Lecompte said she was glad to have her first child before March 2, when the public medical facility will stop providing maternity and newborn services n unless a $2.9 million miracle takes place.

Responding to a sweeping $29 million budget reduction by the LSU Health Care System, impacting seven charity hospitals with a total 645 job cuts and loss of critical services n translating to the elimination of 80 jobs, labor and delivery services, neonatal intensive care, which is often the life-saving department of the region’s youngest residents, and inpatient beds at Chabert alone n patients, employees, facility founders and even state legislators offered their comments.


Chabert had its order to cut costs and services, reduced from an original $4.5 million, because according to CEO Rhonda Green, “this facility has been fiscally responsible.”


During the fiscal year of 2008, available data revealed that Chabert generated $105.2 million. Of that total, $47.9 million was strictly charity in nature and uncompensated. More than $33.3 million came in by way of Medicaid. Medicare cases generated $10.7 million with Medicare cost reports listed at $1.1 million. Commercial private pay patients brought in more than $6 million, and self-generating revenue totaled $1.6 million.

All total, Chabert that year alone, according to the Louisiana Hospital Association, contributed in excess of $212 million to overall business activity for the region.

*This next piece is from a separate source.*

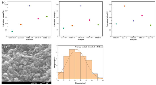 The (a) activation index of the modified powders and (b) SEM image and particle size distribution of GM-B-5/5.

Yet, at the Houma facility that services Terrebonne, Lafourche, St. Mary and Assumption parishes, distress, frustration and even anger are the emotions expressed with what appears to be a countdown of 17 days before the state as a whole begins to feel an impact.


* Employees and Customers

Renee Almarad works on the maternity floor at Chabert. She is among the staff waiting to lose their jobs. In Almarad’s case, she was also expecting to give birth to her second child in April, with help from the people she works with and trusts.


Now, she has been forced to change doctors and find a new, unfamiliar hospital (St. Anne General Hospital in Raceland in this case) to address her and her unborn baby’s needs.

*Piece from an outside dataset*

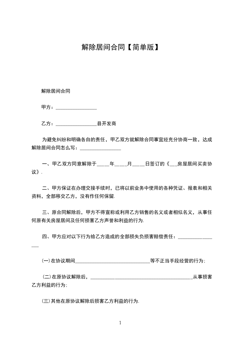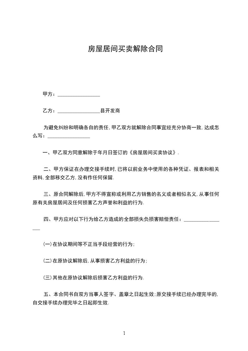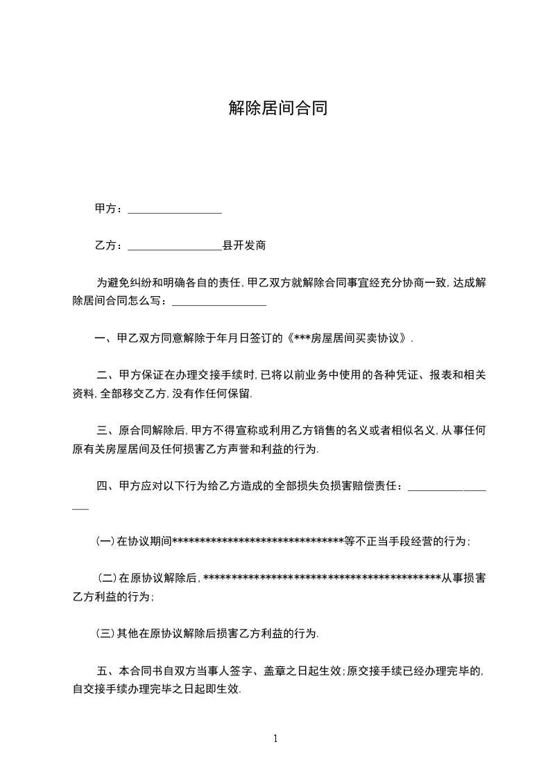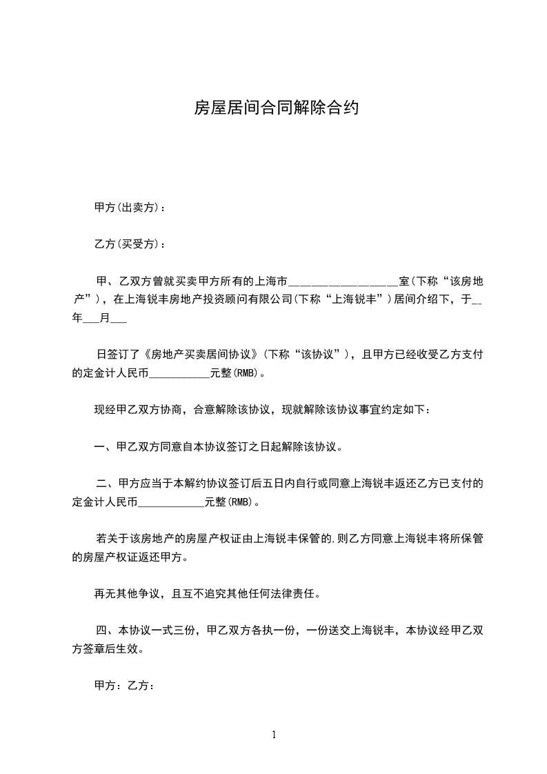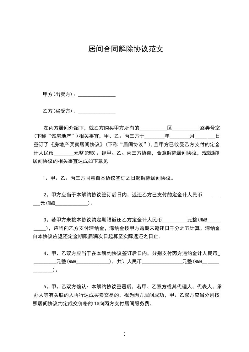 一、甲乙双方同意解除于_____年_____月_____日签订的《***房屋居间买卖协议》.

Almarad mostly cries when she talks about having her birthing plans changed while at the same time losing her job and being separated from a crew that cares for one another as much as any could.

With help from co-worker, friend and nurse practitioner Margaret Eschete, Alamard relayed how her pregnancy is considered high risk. In addition to having lost the staff and facility she was counting on, she found it difficult to find a doctor that would consider accepting her as a patient, because of possible complications.


“Her first child was born here,” Eschete said. “Chabert has been her life. This is her home.”


“I chose to deliver [at Chabert], because I feel the best care is here,” Alamard said through tears.

Presently, Chabert averages 30 births a month.


* Beyond Birthing


Neonatal ICU Registered Nurse Naomi Danos explained that being a Level 3 medical center means that Chabert has the technology, ventilators, heart monitoring equipment specifically designed for infants, a six-bed unit and trained staff that few hospitals in the area offer.

Terrebonne General Medical Center (which is not part of the LSU system) only recently advanced to that Level 3 designation for neonatal intensive care, but according to Danos and Eschete would be unable to handle the demand and do what two equally-equipped medical facilities could do in a worst-case situation.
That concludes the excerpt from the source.